> _Supplied material_
══════════════════════════════

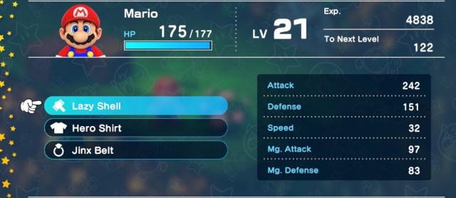 The Jinx Belt gives its wearer immunity to instant death attacks while also boosting their Attack and Defense by 27 points each, and increasing their Speed by 12. This is a good accessory for Mario, who is always in your party and will be mostly on the offensive.
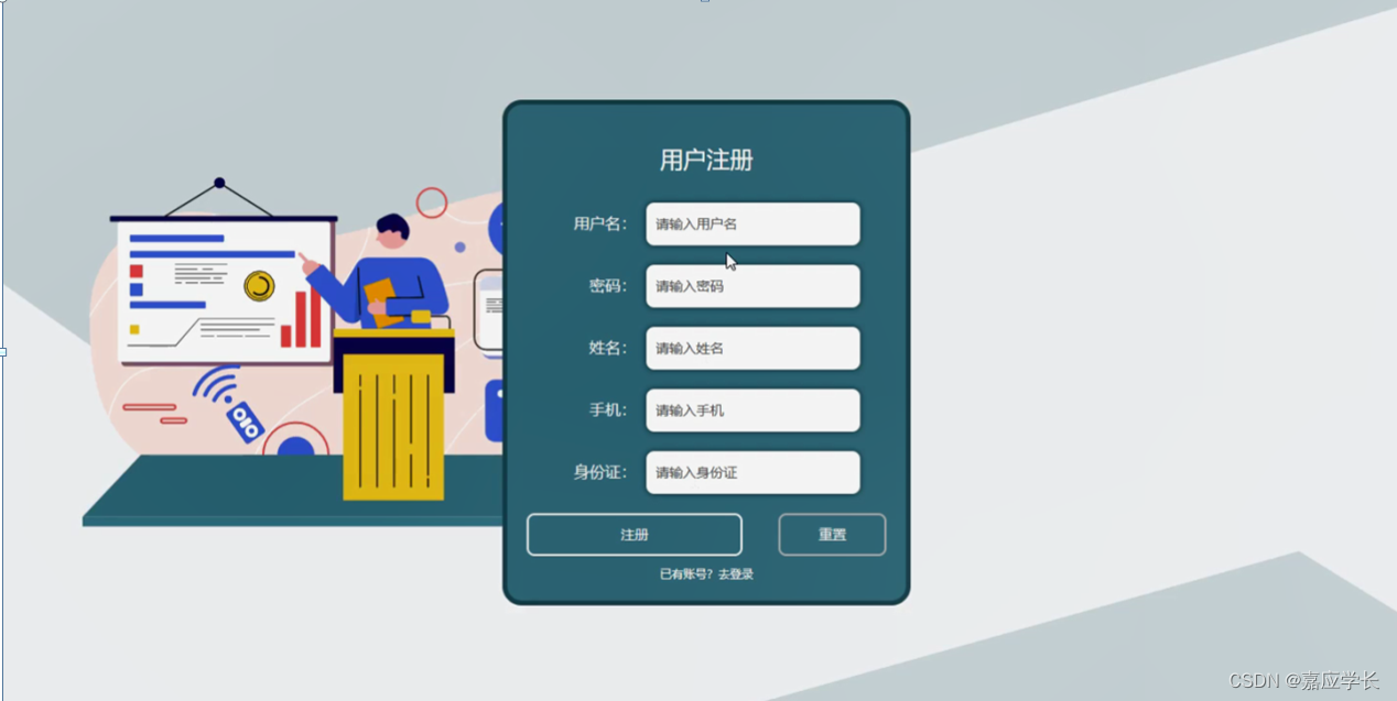用户注册,在用户注册页面通过填写用户名、密码、姓名、手机、身份证等信息进行注册操作,如图5-2所示。
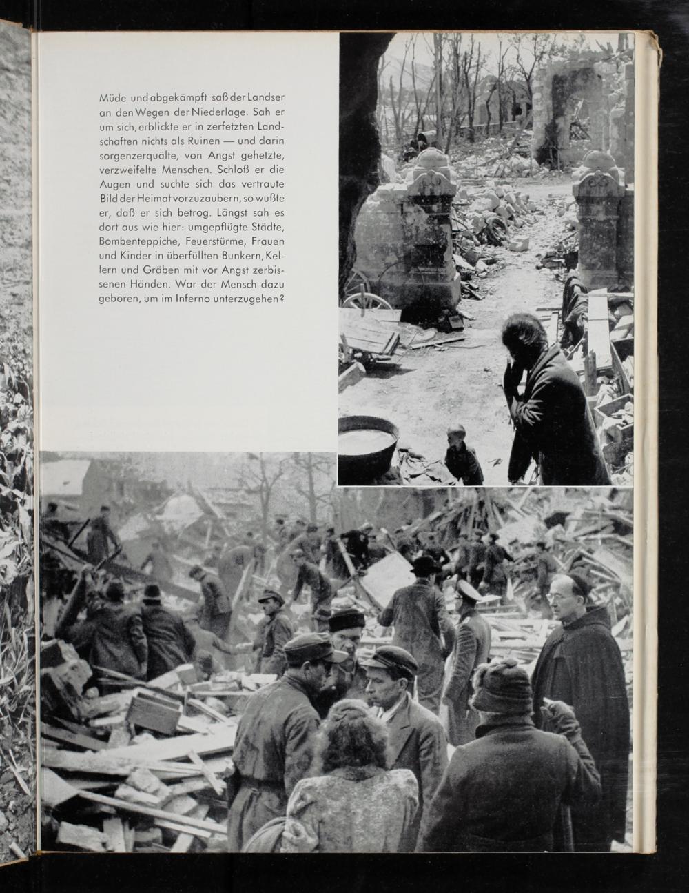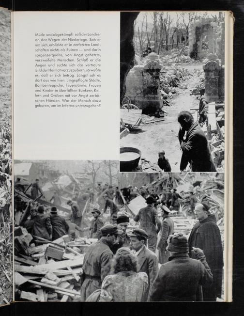 Müde undabgekämpft saß der Landser an den Wegen derNiederlage. Sah er um sich, erblickte er in zerfetzten Land- schaften nichts als Ruinen— und darin sorgenzerquälte, von Angst gehetzte, verzweifelte Menschen. Schloß er die Augen und suchte sich das vertraute Bild der Heimat vorzuzaubern, so wußte er, daß er sich betrog. Längst sah es dort aus wie hier: umgepflügte Städte, Bombenteppiche, Feuerstürme, Frauen und Kinder in überfüllten Bunkern, Kel-

══════════════════════════════

> _Instructions for the task_
In the listing above, transcribe exactly the lines from the line containing "用户注册,在用户注册页面通过" through the last one, both included, but not the pictures.

> _Answer to this exercise_
用户注册,在用户注册页面通过填写用户名、密码、姓名、手机、身份证等信息进行注册操作,如图5-2所示。
 Müde undabgekämpft saß der Landser an den Wegen derNiederlage. Sah er um sich, erblickte er in zerfetzten Land- schaften nichts als Ruinen— und darin sorgenzerquälte, von Angst gehetzte, verzweifelte Menschen. Schloß er die Augen und suchte sich das vertraute Bild der Heimat vorzuzaubern, so wußte er, daß er sich betrog. Längst sah es dort aus wie hier: umgepflügte Städte, Bombenteppiche, Feuerstürme, Frauen und Kinder in überfüllten Bunkern, Kel-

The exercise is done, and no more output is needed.